Nasy’atul Muta’allimin Gapura Timur, Gapura, Sumenep dan MTs. Al-Hidayah
Bancamara, Gili Iyang. Esssainya mendapat juara 1 dalam lomba Creative Student
Day 2018. Puisinya mendapat juara 1 dalam lomba yang diadakan oleh PT. Mandiri
Jaya Surabaya sekaligus terangkum dalam antologi “Surat Berdarah di Antara
Gelas Retak” (2019). Puisinya juga termaktub dalam antologi “Dari Negeri
Poci 9; Pesisiran” (KKK;2019), “BuluWaktu” (Sastra Reboan;2018), Antolgi Dwibahasa “Banjarbaru
Festival Literary” (2019), “Sua
Raya” (Malam Puisi Ponorogo; 2019), “Dongeng
Nusantara dalam Puisi” (2019), “Bandara
dan Laba-laba” (Dinas Kebudayaan Provinsi Bali).

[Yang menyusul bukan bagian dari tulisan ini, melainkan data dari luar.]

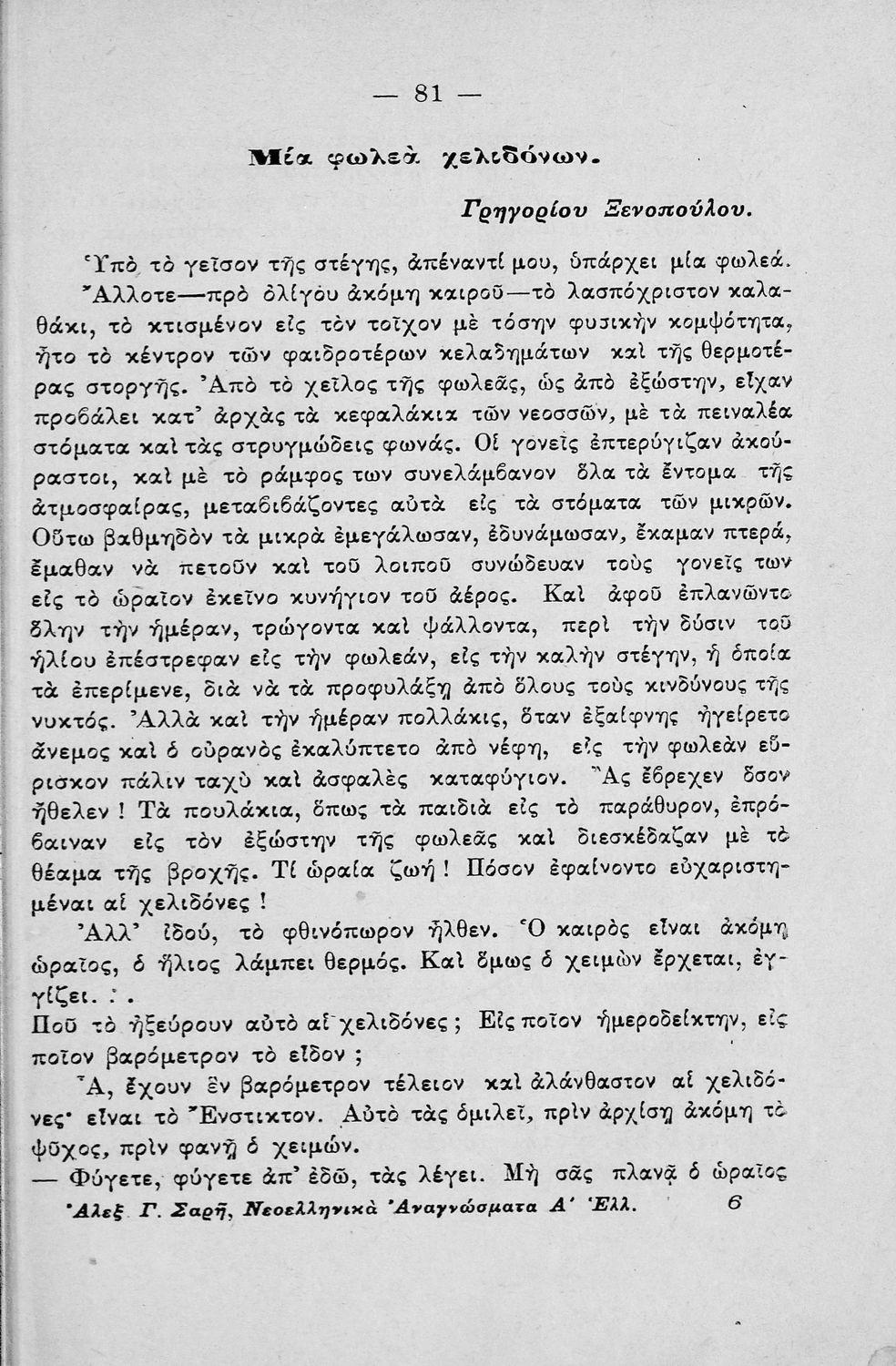 LDR 01476 2200205 4500 035 ## _a20-00142 040 ## _aΚΕΝΕΚ - Εταιρεία Σπουδών Νεοελληνικού Πολιτισμού και Παιδείας 041 ## _ael 100 ## _aΑλέξανδρος Γ. Σαρής 110 ## _a142 245 0# _aΝεοελληνικά αναγνώσματα διά τους μαθητάς της Α΄ τάξεως των Ελληνικών Σχολείων μετ'εικόνων και των προσωπογραφειών των συγγραφέων 260 ## _aΑθήνα _bΜιχαήλ Σ. Ζηκάκης _c1922 300 ## _a178 _bΣκίτσα (ασπρόμαυρα) _c20 520 ## _aΣχολικό εγχειρίδιο Νέων Ελληνικών που περιλαμβάνει ποιήματα και πεζά Ελλήνων συγγραφέων εμπνευσμένα από την ελληνική μυθολογία, την σύγχρονη ελληνική ιστορία και την καθημερινή ζωή. Περιέχει και παράρτημα με βιογραφίες των συγγραφέων και λεξιλόγιο. 521 ## _aΕλληνικό Σχολείο 522 ## _aΕλλάδα 546 ## _aΔημοτική, Καθαρεύουσα 563 ## _aΣκληρό Εξώφυλλο 583 ## _a16457/2-5-1920 _c1920 650 #4 _aΒιζυηνός _aΚαρκαβίτσας _aΜελάς _aΝιρβάνας _aΞενόπουλος _aΣολωμός

Saat ini sudah menulis
puisi di berbagai media cetak dan online antara lain Suara Merdeka,
Banjarmasin Post, Malang Post, Radar Malang, Radar Banyuwangi, Radar Cirebon,
Radar Madura, Rakyat Sumbar, Radar Pagi, Kabar Madura, Takanta.id, Riau Pos,
NusantaraNews, dll. Tahun ini berkesempatan hadir pada acara Seminar
Internasional Sastra Indonesia(SISI) di Provinsi Bali.